- [Source data]:

━━━━━━━━━━

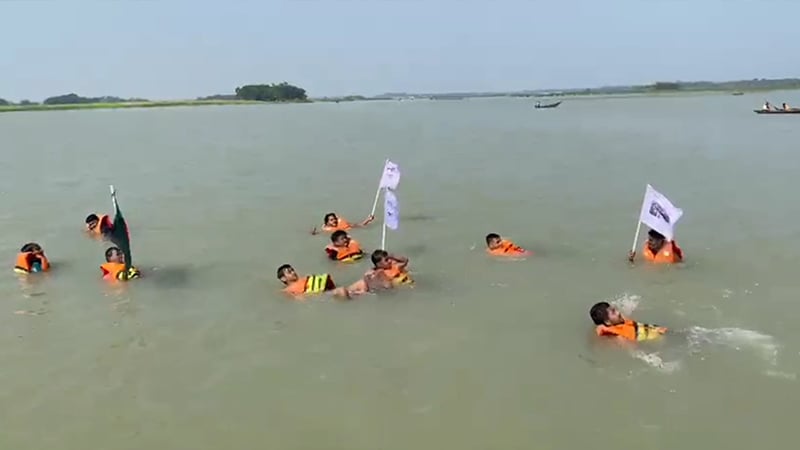 সেতুর দাবিতে লংমার্চ, তেঁতুলিয়া নদী সাঁতরে পাড়ি দিলেন ২০ শিক্ষার্থী
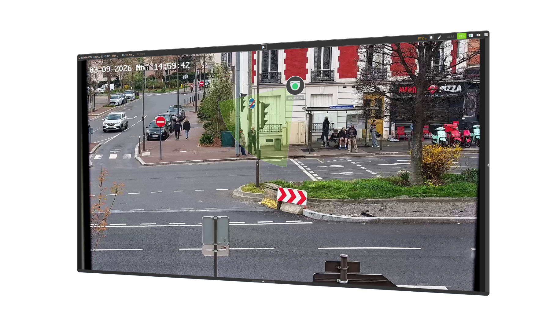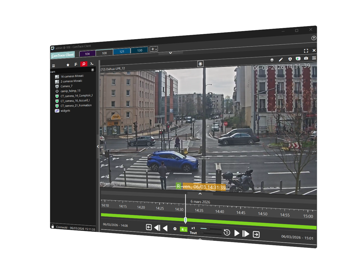 Navigating from camera to camera becomes crystal clear, because you no longer need to know the name of a nearby camera to view it : simply click on its icon directly in the video stream. Operators gain in speed and efficiency.
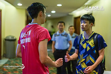 Tzu Wei Wang (Taipei) mendapat pengarahan dari pelatih seusai pertandingan
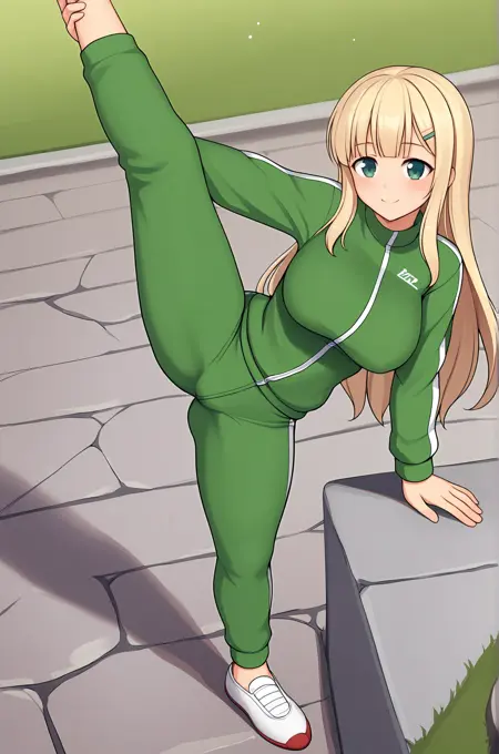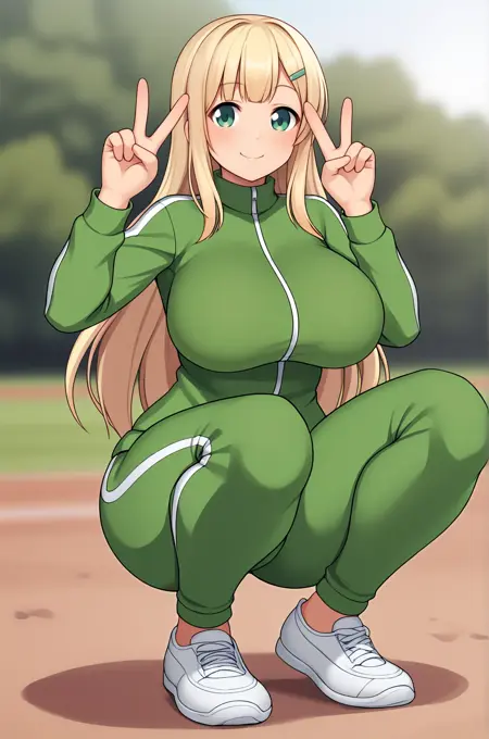 她的休闲服装触发词为:"Yomi_Casual, 绿色运动服, 绿色运动夹克, 绿色运动裤, Yomi 运动鞋"。
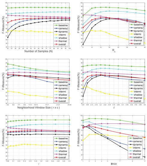 then a color feature match is found. The color threshold R c controls the robustness of the background model. A small R c leads to sensitive foreground detection result, while a larger R c has better resistance against relevant change, but makes it more difficult to detect foreground objects that are very similar to the background. We also determine the value of R c based on the experiment results performed on the CDnet2012 dataset [28]. As it can be seen in Figure 9 (the second subgraph), the overall F-Measure score tends to arrive at a maximum when R c sets the value of 15.
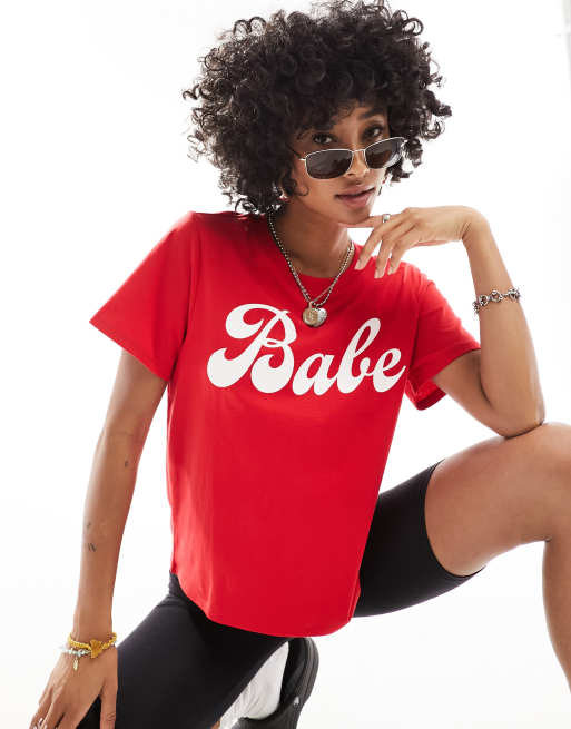 Monki – T-Shirt in Rot mit „Babe“-Grafikprint auf der Vorderseite
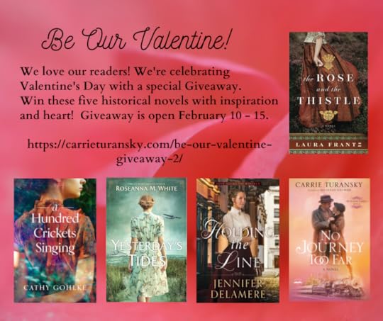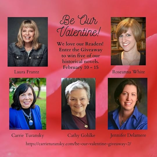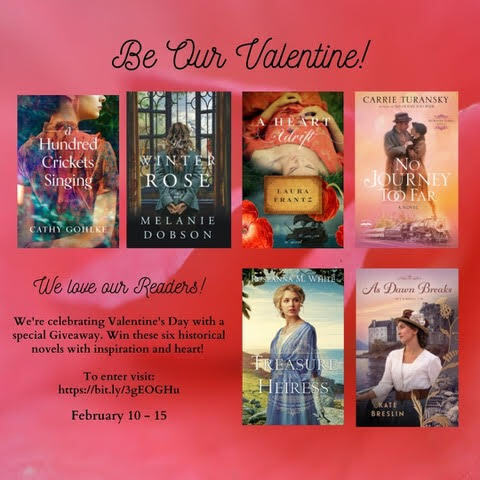 Enter to win on Carrie Turansky’s blog post: https://carrieturansky.com/be-our-valentine-giveaway-2/
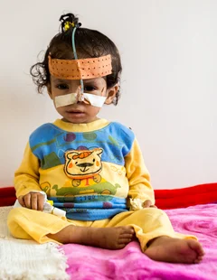 Then the first air strike hit and 13-year-old Naria received deep shrapnel wounds in her arm. Naria was in deep pain, and regularly suffers convulsions of terror when aircraft go overhead. They are so serious that she needs to be forcibly held down. Her right hand is withered.
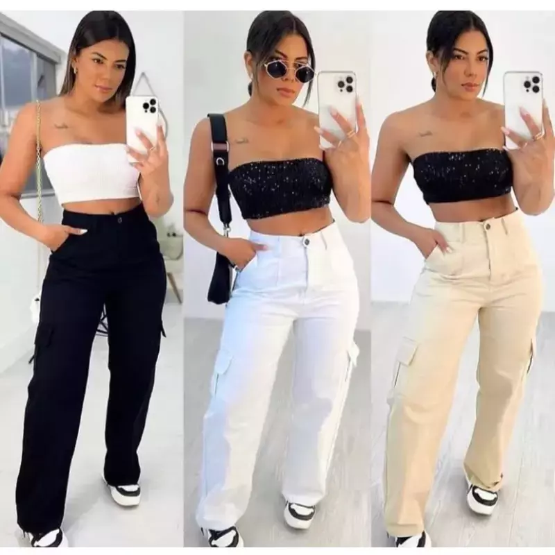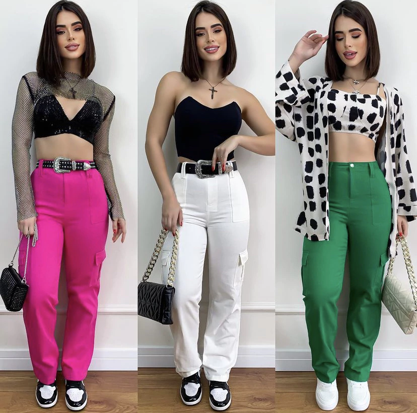 110 Calça e shorts jogger e pantalona com abertura botão lateral
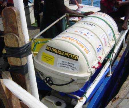 This capsule holds the lifeboat and "No Drugs Fitted" apparently means "Please don't break into the lifeboat for drugs because there aren't any inside."
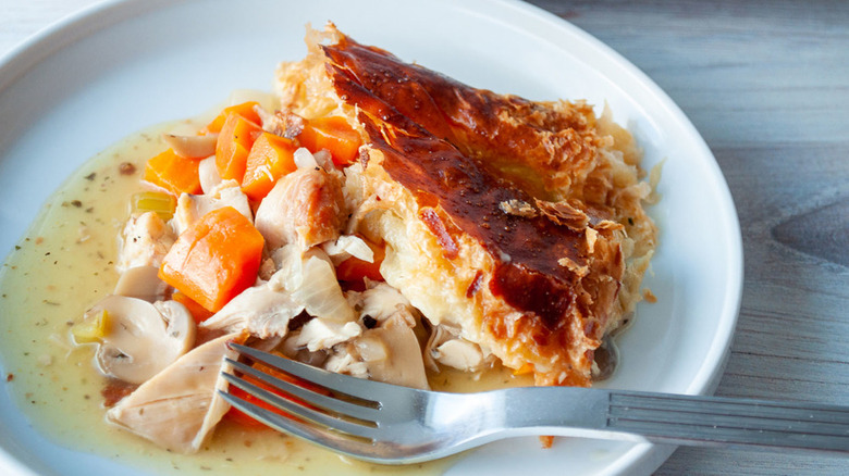 America's love affair with pot pies is older than the country itself: Recipes for them appeared in the first American-written cookbook in 1769, filled with meat, chicken, or even fish. By the '50s, chicken pot pie had become a staple of American homes, and frozen pot pies like Marie Callender's became popular among housewives looking to put a quick and easy meal on the table. These days, home cooks have the option between making pot pies entirely from scratch and taking advantage of shortcuts. Using canned foods like canned chunk chicken, canned veggies, canned gravy, or canned soup makes pot pie a snap to put together, and store-bought crust really seals the deal — literally. If you want to make things easier, you can even opt for a wholly store-bought version of chicken pot pie.
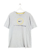 Graues T-Shirt vom Label Nike in Größe L. Es ist aus einer Baumwollmischung produziert. Den Zustand würden wir als 'In Ordnung' bezeichnen (vergl. Bilder).
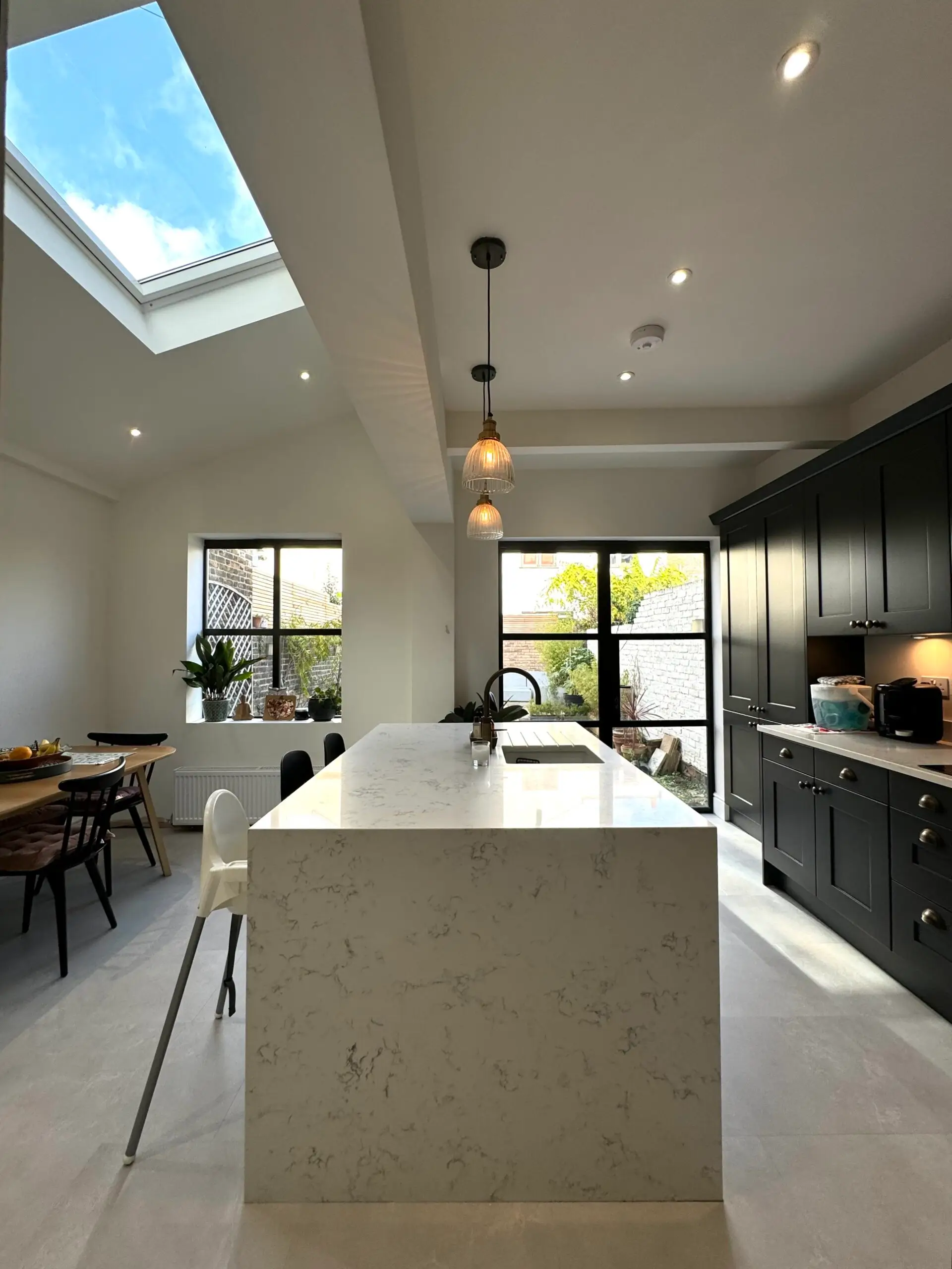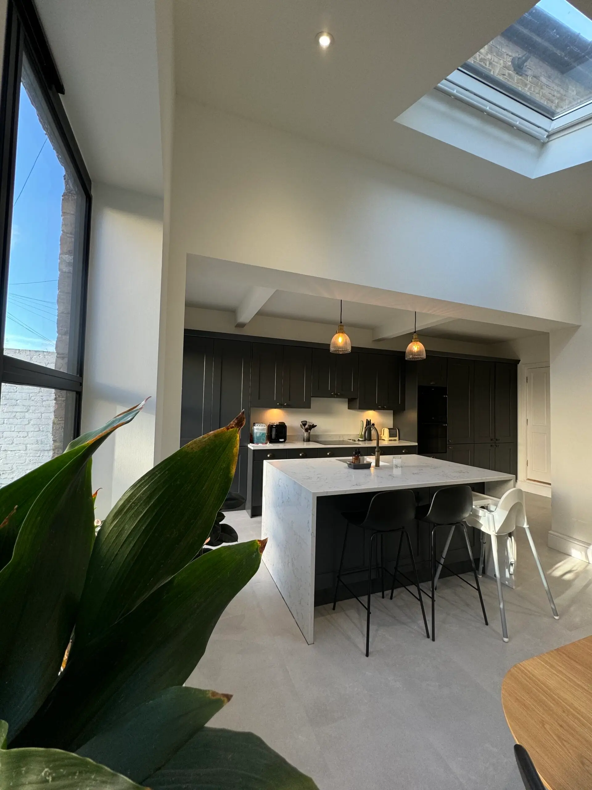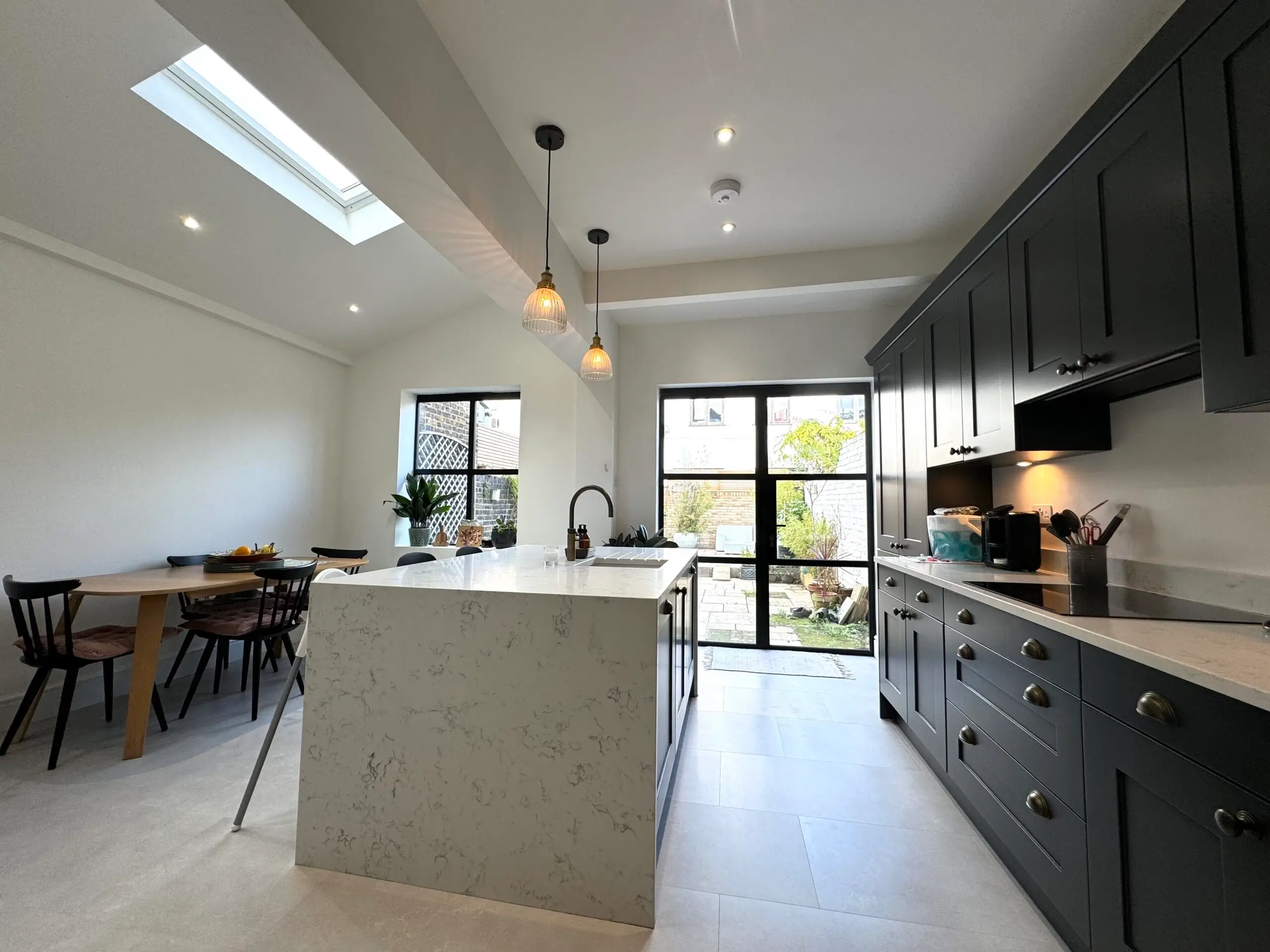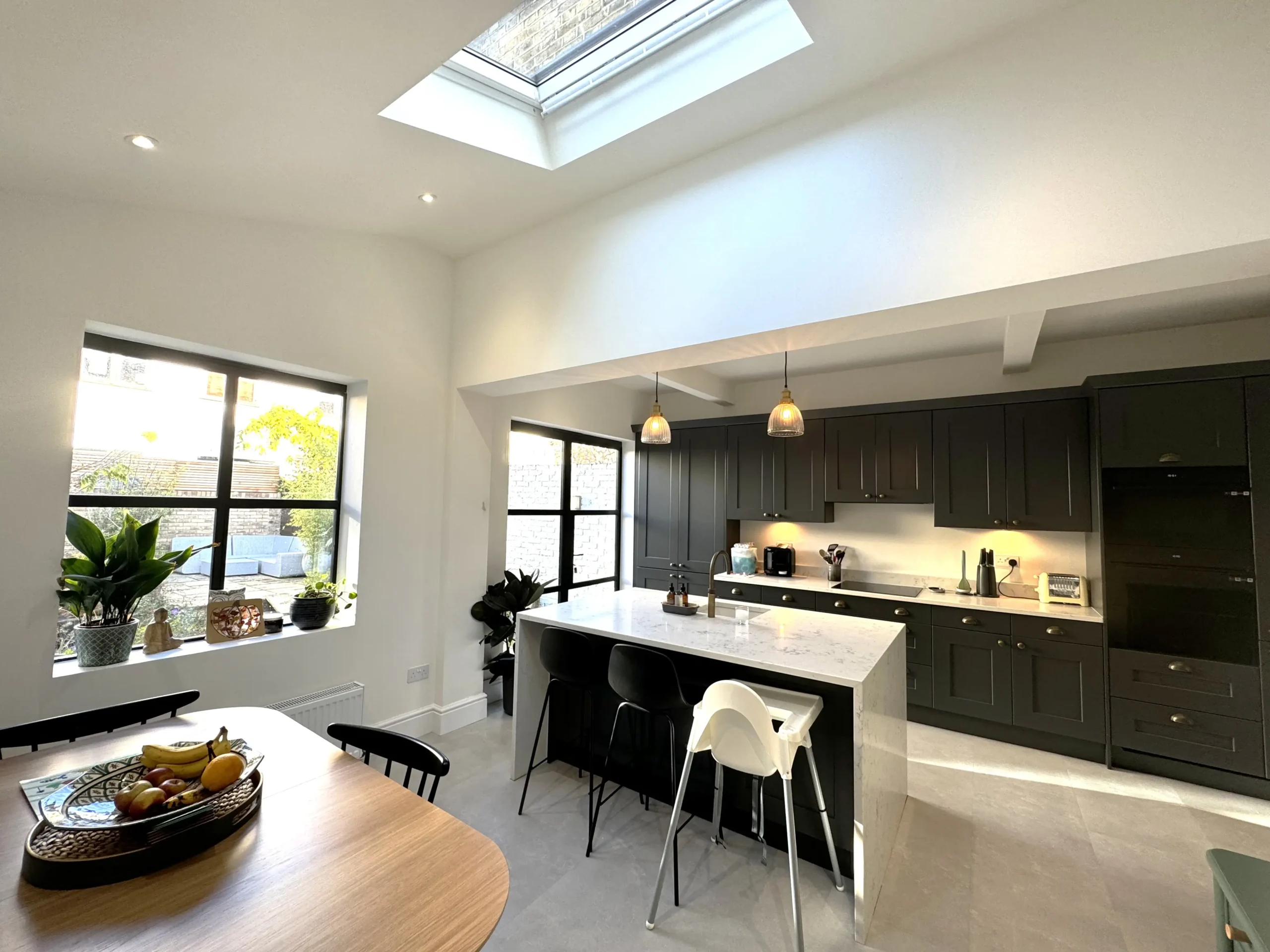 This modern Windsor home extension transforms a traditional ground floor into a light-filled, open plan kitchen and dining space. Featuring skylights, glazed doors, and seamless garden access, the design blends contemporary elegance with everyday functionality.

━━━━━━━━━━

- [PROBLEM]:
Give again, exactly as written above, each line from the one that has "Tzu Wei Wang" to the one that has "This capsule holds", both included; omit the pictures.

- [RESULT OF THIS TASK]:
 Tzu Wei Wang (Taipei) mendapat pengarahan dari pelatih seusai pertandingan
 她的休闲服装触发词为:"Yomi_Casual, 绿色运动服, 绿色运动夹克, 绿色运动裤, Yomi 运动鞋"。
 then a color feature match is found. The color threshold R c controls the robustness of the background model. A small R c leads to sensitive foreground detection result, while a larger R c has better resistance against relevant change, but makes it more difficult to detect foreground objects that are very similar to the background. We also determine the value of R c based on the experiment results performed on the CDnet2012 dataset [28]. As it can be seen in Figure 9 (the second subgraph), the overall F-Measure score tends to arrive at a maximum when R c sets the value of 15.
 Monki – T-Shirt in Rot mit „Babe“-Grafikprint auf der Vorderseite
 Enter to win on Carrie Turansky’s blog post: https://carrieturansky.com/be-our-valentine-giveaway-2/
 Then the first air strike hit and 13-year-old Naria received deep shrapnel wounds in her arm. Naria was in deep pain, and regularly suffers convulsions of terror when aircraft go overhead. They are so serious that she needs to be forcibly held down. Her right hand is withered.
 110 Calça e shorts jogger e pantalona com abertura botão lateral
 This capsule holds the lifeboat and "No Drugs Fitted" apparently means "Please don't break into the lifeboat for drugs because there aren't any inside."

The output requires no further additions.